‘It’s Not Like Any School You’ve Ever Seen’: DeVos Sees Radiology, Hydroponic Gardening, and a Tiny House in Visit to Innovative CTE High School
The clock was ticking Tuesday for Maya O’Callahan and Christopher Hernandez as they worked to gather the last of the data on their hydroponic plant project, when there was an unusual interruption.
It was Education Secretary Betsy DeVos and her entourage of staffers, career and technical education advocates, local officials, and press, on a visit to the Academies at Loudoun to celebrate Career and Technical Education Month.
The sprawling, state-of-the-art Academies building opened in August. It houses three distinct programs educating about 1,600 high school students in everything from entrepreneurship and advanced sciences to culinary arts and automotive repair. Any student from Loudoun County, the country’s wealthiest, may apply either in eighth grade, or later in high school for one of the school’s shorter programs.
O’Callahan and Hernandez, collecting the last of their data ahead of a March 14 science fair, were working in one of the school’s three greenhouses on a system to grow mint in water fortified by nutrients from fish byproducts.
“This is not a normal high school, and it’s not like any school you’ve ever seen,” Principal Tinell Priddy said at the start of a roundtable discussion before DeVos toured the school and visited several classrooms.
DeVos, who has urged policymakers to “rethink” school and provide new options, said programs like the Academies should be more widely available.
“[Priddy] said up front that this is not a normal high school. My question is, ‘Why shouldn’t it be?,’” she said.
The Trump Administration, including DeVos, has focused on apprenticeships and career education, particularly in the wake of a reauthorization of the country’s career and technical education law last year. DeVos has said that the United States for too long prioritized sending students to four-year colleges rather than educating them for careers.

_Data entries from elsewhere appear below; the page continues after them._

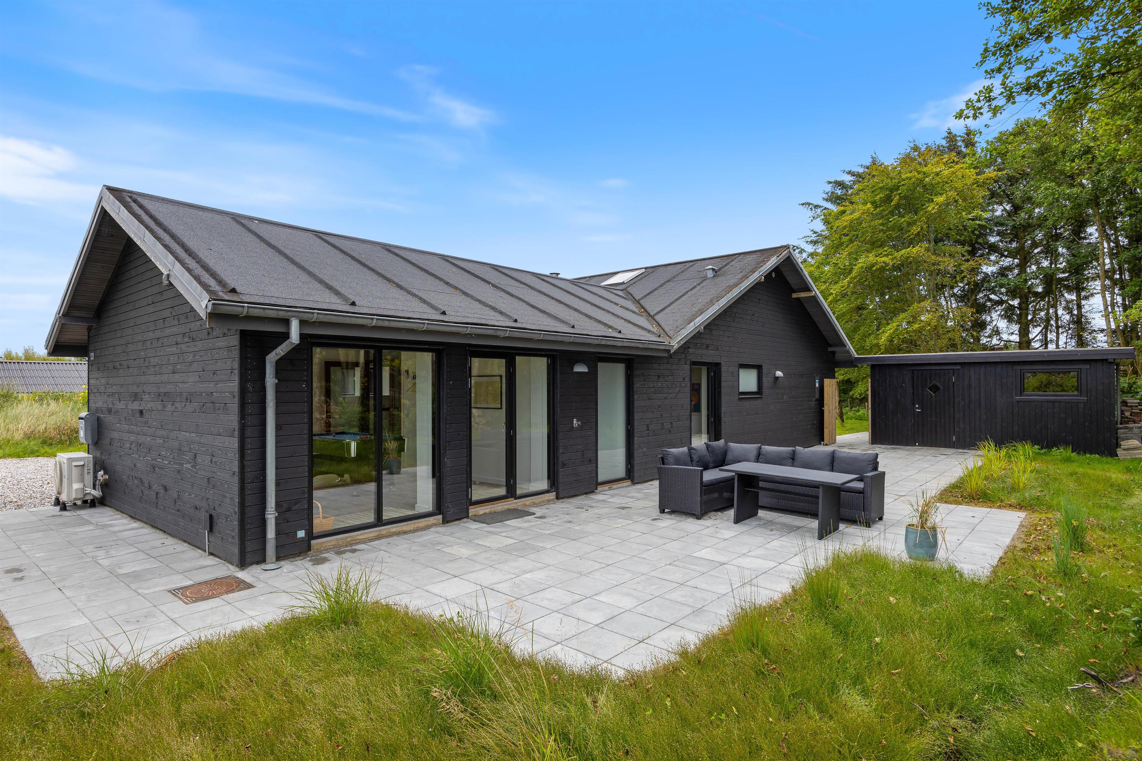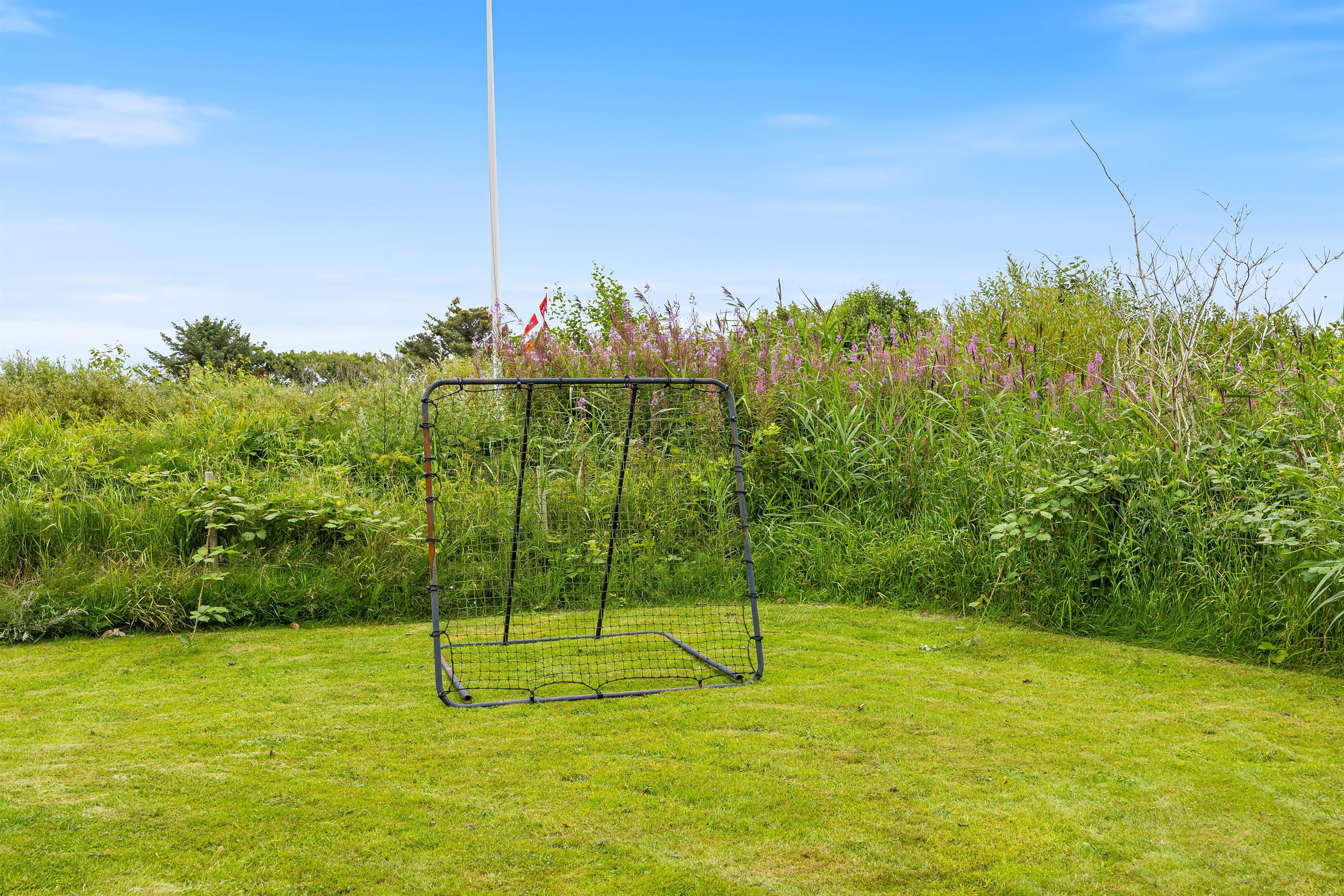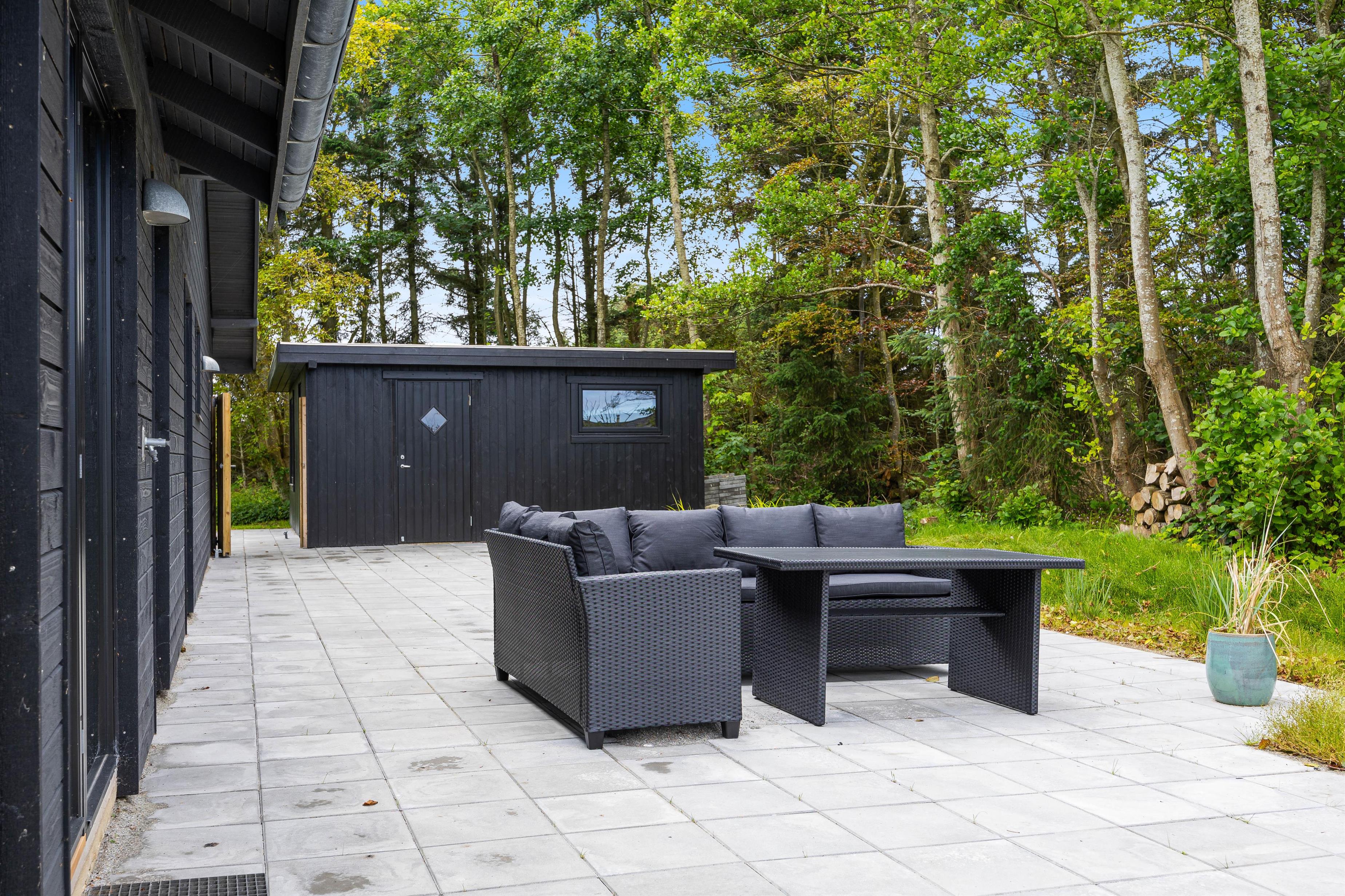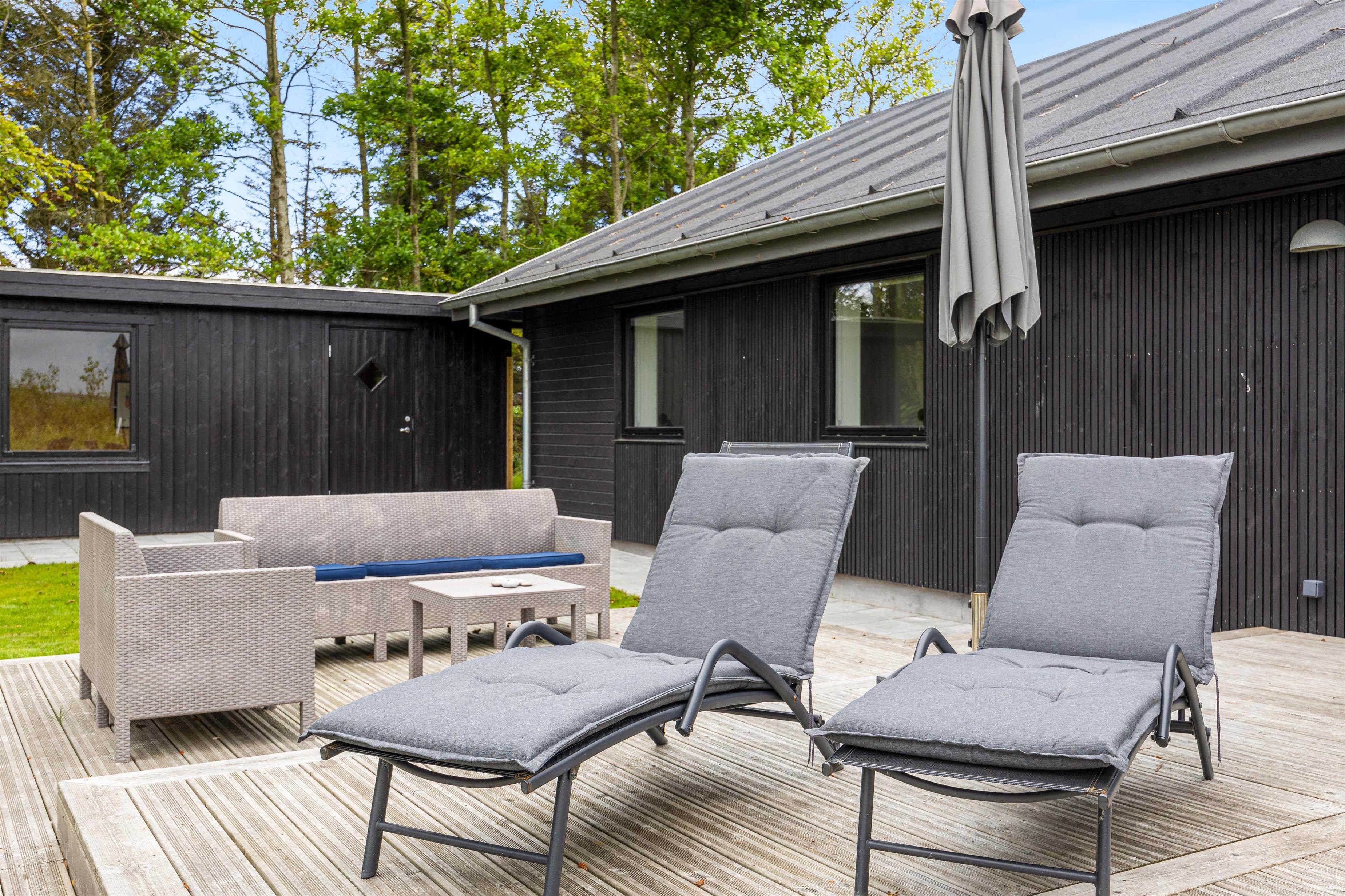 Sommerhuset har et skønt udeareal med åben terrasse og have mod syd. Her kan både børnene og hunden få fri leg, mens I ser til fra liggestolene eller tilbereder aftensmaden på grillen. På grunden er der desuden sandkasse og gyngestativ til glæde for de yngste familiemedlemmer.
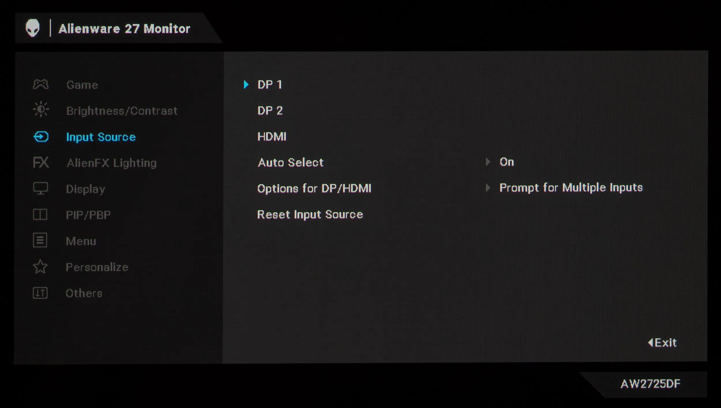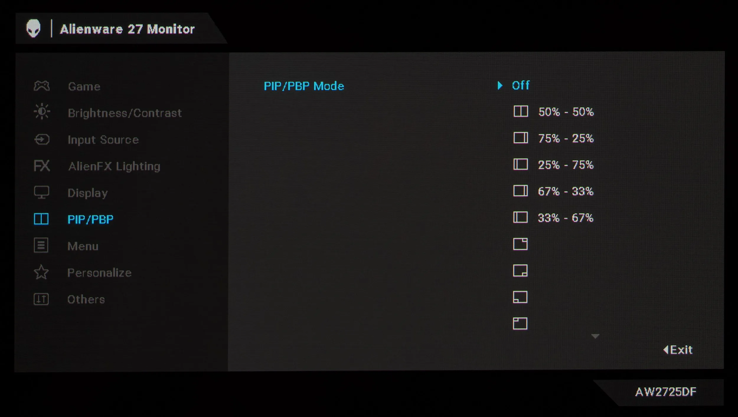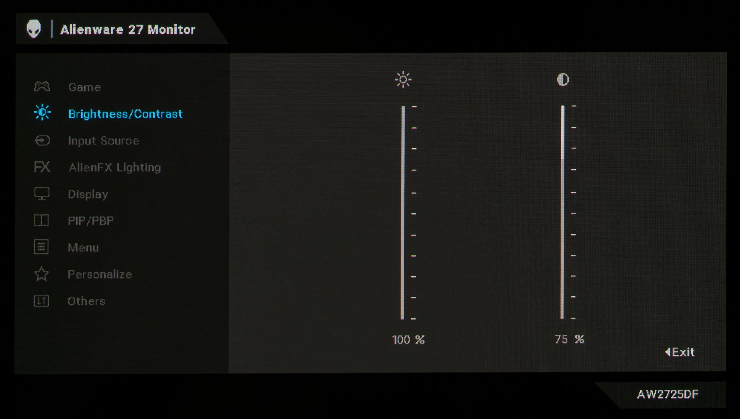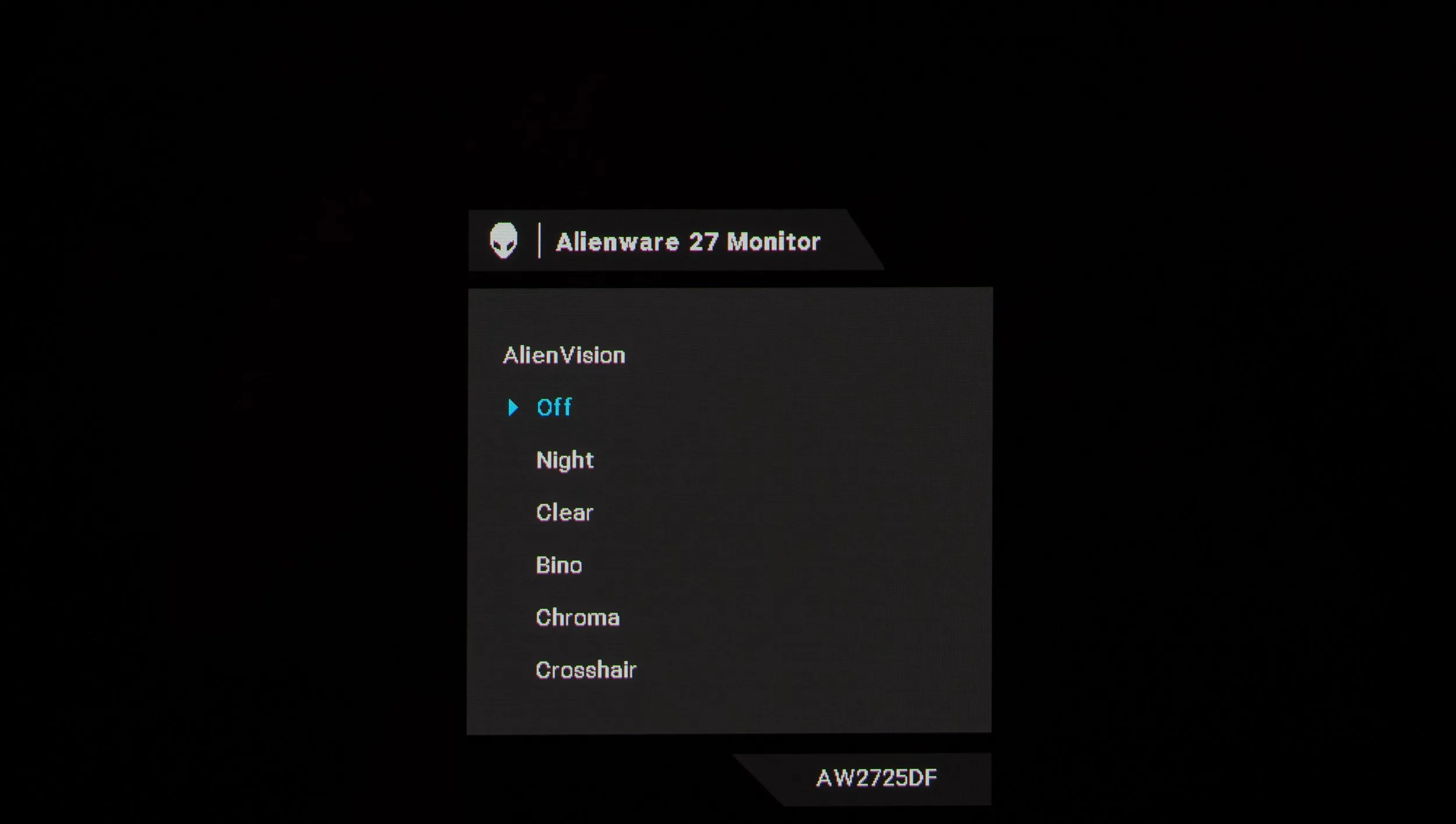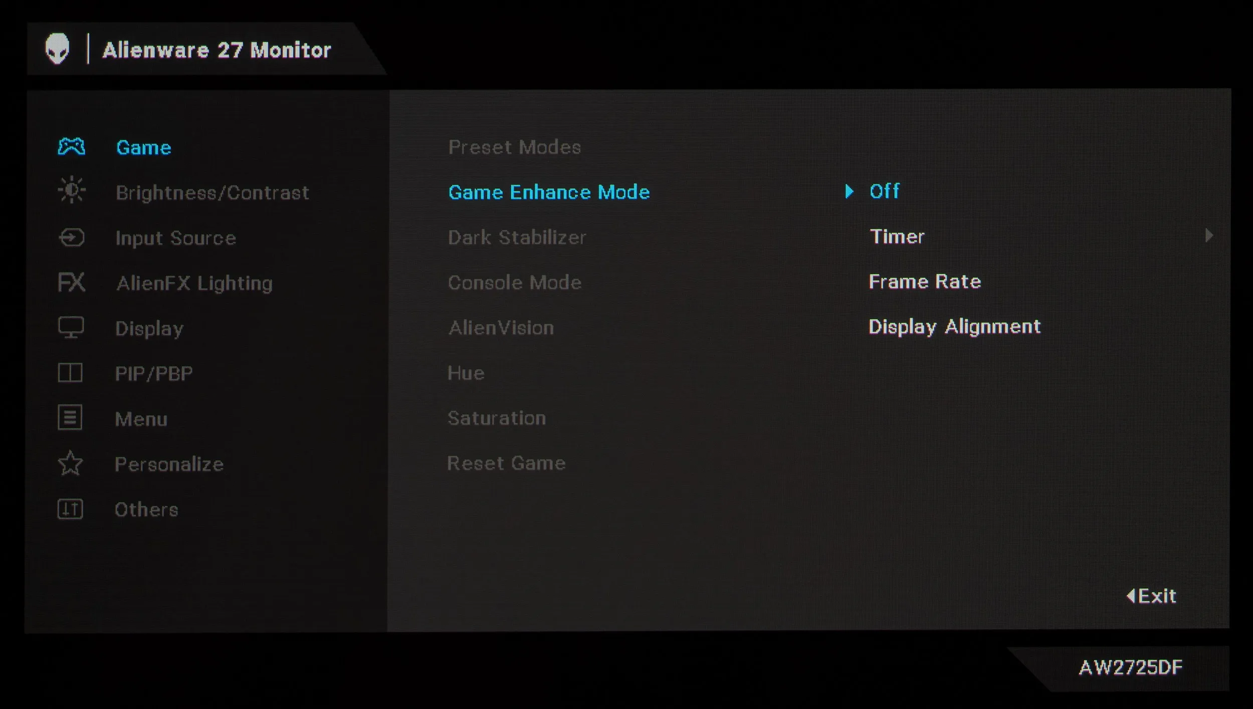 У новинки AW2725DF целых девять разделов меню. Первый раздел отдан под выбор режима цветопередачи, активацию игровых «улучшателей», регулировку различимости крайних тёмных деталей. Есть настройки насыщенности и оттенка, режим настроек при подключении к игровым приставкам, выбор подрежимов уже отмеченной функции AlienVision и сброс настроек к значениям по умолчанию (исключительно из этого раздела).
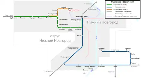 Приокская линия — состоит из 13 станций. Имеет 5 пересадочных узлов с городским и пригородным транспортом на Московском вокзале и станциях: «Нижний Новгород-Сортировочный», «Петряевка», «Окская» и «Проспект Гагарина». Выходит за пределы города и соединяет собой Канавинский, Ленинский, Автозаводский, Нижегородский (Зелёный город) и Приокский районы[5]. Также соединяет город и пригород, из-за чего цена на проезд может изменяться, в зависимости от тарифной зоны.
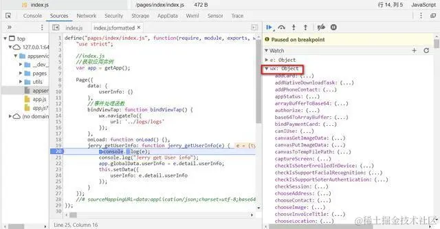 在小程序能够访问的上下文里,有一个全局变量wx,里面包含了所有微信框架暴露出来的API:
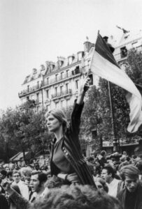 Caroline cuenta que ese día, específicamente el 13 de mayo de 1968, en la plaza Edmond Rostand, cerca del Jardín de Luxemburgo se sintió cansada y le dolían los pies de tanto caminar, por lo que le pidió a uno de sus amigos, el artista plástico Jean-Jacqus Lebel, que la subiera a sus hombros. Otro joven le pasó una bandera del Frente para la Liberación de Vietnam del Sur para que ella la hiciera ondear.
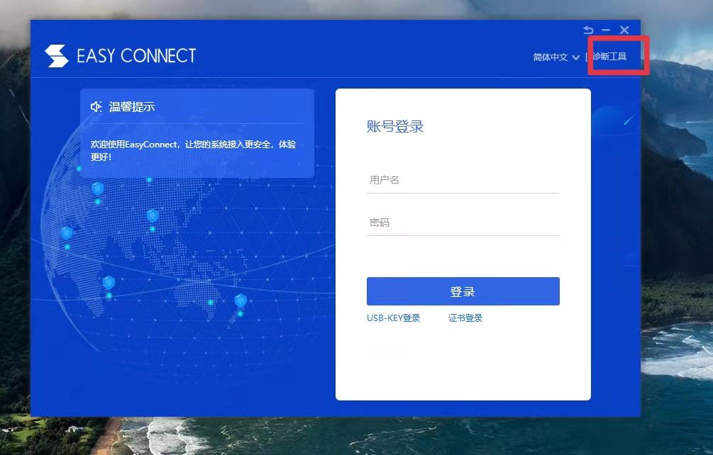 5、点击不需要输入账号密码登录VPN,点击右上角“诊断工具”会跳转连接到web界面帮助中心。
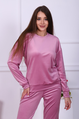 Женский домашний костюм, состоящий из джемпера с длинным рукавом и брюк. Брюки с карманами в боковых швах со скошенным входом для удобства, с широким притачным поясом на резинке, отделан декоративной отстрочкой. Низ брюк на притачной манжете из основной ткани. Джемпер свободного покроя с округлой горловиной чуть зауженный внизу манжетой за счет небольшой сборки. Рукав втачной, низ рукава на притачной манжете шириной 6 см. Костюм выполнен из нежной на ощупь бархатной ткани - иконвелюра, который переливается на свету и очень приятен на ощупь. Изделие не мнется, не требует глажки, что очень удобно в использовании. Можно носить дома, как домашний комплект, как пижаму для сна, а также на выход, как костюм для прогулок в холодное время года, как спортивный костюм, на дачу, для школы и т. д. Большой выбор нежных и насыщенных расцветок на любой вкус! Отличный подарок самым любимым!
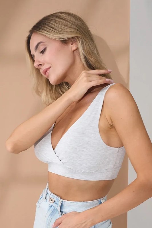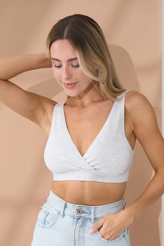 Зручний топ для вагітних та годуючих мам на запах у кольорі сірий меланж — ідеальний варіант для дому та сну.
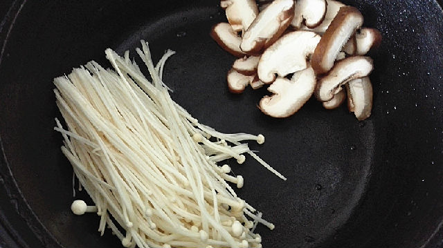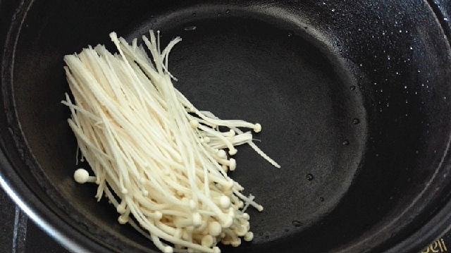 4、首先將金針菇放進(jìn)鍋中。

Students alternate days at the Academies, which focus on STEM, with days in their base high school, where they work on core credits in other subjects, like English and social studies.
“It gives us a break from that traditional classroom. You’re sitting there, textbook — it’s just draining. I love learning here. It’s so much more exciting. It’s more real-world applications,” O’Callahan said.
The school houses three separate programs, but staff try to foster collaboration both within different classes in each program and across programs. There’s also one lunch period for all students, to encourage them to socialize outside their programs.
The Academy of Engineering and Technology offers two- or four-year programs in engineering, information technology, and entrepreneurship.
Three students during the roundtable described their entrepreneurship project, Grow Greenly, a biodegradable plant pot that both helps cut down on plastic waste and provides nutrients for the plants. They won a competition and received $10,000 to help start the business, and they plan to sell the pots more broadly in Loudoun County later this spring.
“I just wanted more knowledge about STEM, and entrepreneurship really intrigued me because I thought that was a great opportunity to combine everything. I never thought I would have my own company. I never thought that I would get here and develop something real,” Pranavi Karnati, one of the Grow Greenly creators, said.
The school also houses the Academy of Science, a four-year multidisciplinary science program. The third program is Monroe Advanced Technical Academy, which offers 27 pathways, each one or two years, including more traditional CTE offerings like cosmetology or automotive repair alongside newer options, like radiology and computer animation.
Another of DeVos’s classroom visits throughout the school’s sprawling building was to the radiology lab — the only program in Virginia for high schoolers, according to Priddy.
There, students worked on identifying structures of the digestive anatomy. They described the process for getting all the appropriate images of a digestive system, from the top and the sides, as akin to looking through different sides of a fish tank. DeVos, recovering from a broken pelvis following a bike accident, said she had been through a similar experience getting an X-ray the day before.
DeVos also visited a makerspace, which offers students a variety of tools and technology to use in creating projects. She spent several minutes talking with Ford Downer about the small 3-D model of what will be a “tiny house” he built, pulled by a remote-controlled car.
O’Callahan and Hernandez, the hydroponic botanists, are both in their first year at the school, but they are already looking to how it will impact their education trajectories after graduation.
Hernandez expects the hands-on experience he’s gained to give him a leg up in college applications.
O’Callahan came to the program looking to try out a possible career.
“I just came here to get that exposure to find out if I really want to do this, and I’m starting to figure out I really want to,” she said.